I am in love, people. In love with this brownie. I saw the picture in my Cooking Light magazine and knew I had to make them. See, I have this obsession with foods that contain the wording of “salt and vinegar” or “salted caramel” in the title. My culinary taste buds go wild when that combination of sweet and salty enter my mouth. And you know what? A lot of “salt and vinegar” flavored items actually have less sodium than their cheesey, ranchy, french onion flavored counterparts. Why? Probably because the salt is a main flavor and not just included in a mixture of all sorts of other spices. Maybe because you don’t need something salty to compliment the flavor of salt… Or I could be spewing crazy talk (definitely don’t quote me as anything other than a theory here!) Either way, it is absolutely a winning combination in my book.
Cooking Light definitely hit the jackpot with this one and I am more than happy to share the recipe with you! The minute I bit into one of these brownies, I knew I was in trouble. They are SOOOO GOOOOOOD. I had to cut them all up, wrap them in tin foil and put them in the freezer just to keep from eating them all in one sitting. Due to the higher amount of butter and sugar, these brownies aren’t completely WWF… I mean, they DO have 5-6 PP per serving. But there are definitely brownies with a lot more PP out there! These ones were just too good to pass up. They are worth the PP, at least in my book I was supposed to have a picture of them, but due to some camera issues, that’s not happening! So just take a look at these other delicious brownies that I’ve linked to.
Salted Caramel Brownies (from Cooking Light)
PointsPlus Per Serving: 6 PP for 15, 5 PP for 20
- 3/4 cup all-purpose flour, 9 PP
- 1 cup sugar, 22 PP
- 3/4 cup unsweetened cocoa, 6 PP
- 1/2 cup packed brown sugar, 12 PP
- 1/2 tsp baking powder
- 6 tbsp melted butter, 13 PP
- 2 large eggs, 4 PP
- 1 tsp vanilla extract
- cooking spray
- 1/4 cup butter, 9 PP
- 1/4 cup packed brown sugar, 6 PP
- 3 1/2 tbsp evaporated fat-free milk, divided, 1 PP
- 1/4 tsp vanilla extract
- 1/2 cup powdered sugar, 6 PP
- 1 oz bittersweet chocolate, coarsely chopped
- 1/8 tsp coarse sea salt, 4 PP
1. Preheat oven to 350.
2. To prepare brownies, lightly spoon flour into dry measuring cups; level with a knife. Combine flour and next 4 ingredients (through baking powder) in a large bowl, stirring well with a whisk. Combine 6 tbsp butter, eggs, and 1 tsp vanilla. Add butter mixture to flour mixture; stir to combine. Scrape batter into a 9 inch square metal baking pan lightly coated with cooking spray (I used an 8×11 glass one). Bake at 350 for 19 minutes or until a wooden pick inserted in center comes out with moist crumbs clinging (it took me about 23 minutes). Cool in pan on a wire rack.

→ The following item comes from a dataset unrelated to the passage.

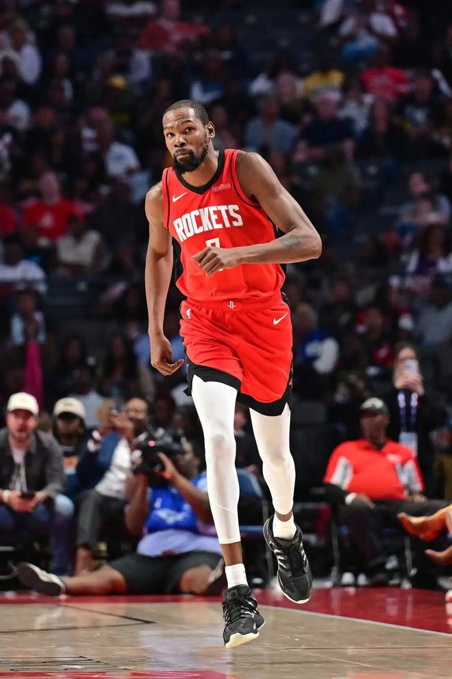 火箭看中的,正是他无可替代的 “硬解能力”。这支球队虽有 5 年 1.85 亿续约的内线核心申京,也有防守强悍的阿门,但关键时刻缺乏一锤定音的终结者 —— 而杜兰特正是这一角色的完美答案。他能在半场任何位置完成终结,季后赛多次上演的 “死神时刻”,正是火箭冲击冠军最需要的特质。防守端,尽管未进过最佳防阵,但他凭借 2 米 11 的身高与超长臂展,近年在太阳时常客串中锋,这种全能性恰好能弥补火箭内线的轮换短板。

3. To prepare topping, melt 1/4 cup butter in a saucepan over medium heat. Add 1/4 cup brown sugar and 1 1/2 tbsp milk; cook 2 minutes. Remove from heat. Add vanilla and powdered sugar; stir with a whisk until smooth. Spread mixture evenly over cooled brownies. Let stand 20 minutes or until set.
4. Combine 2 tbsp milk and chocolate in a microwave-safe bowl; microwave at HIGH for 45 seconds or until melted, stirring after 20 seconds. Stir just until smooth; drizzle over caramel. Sprinkle with sea salt; let stand until set. Cut into squares.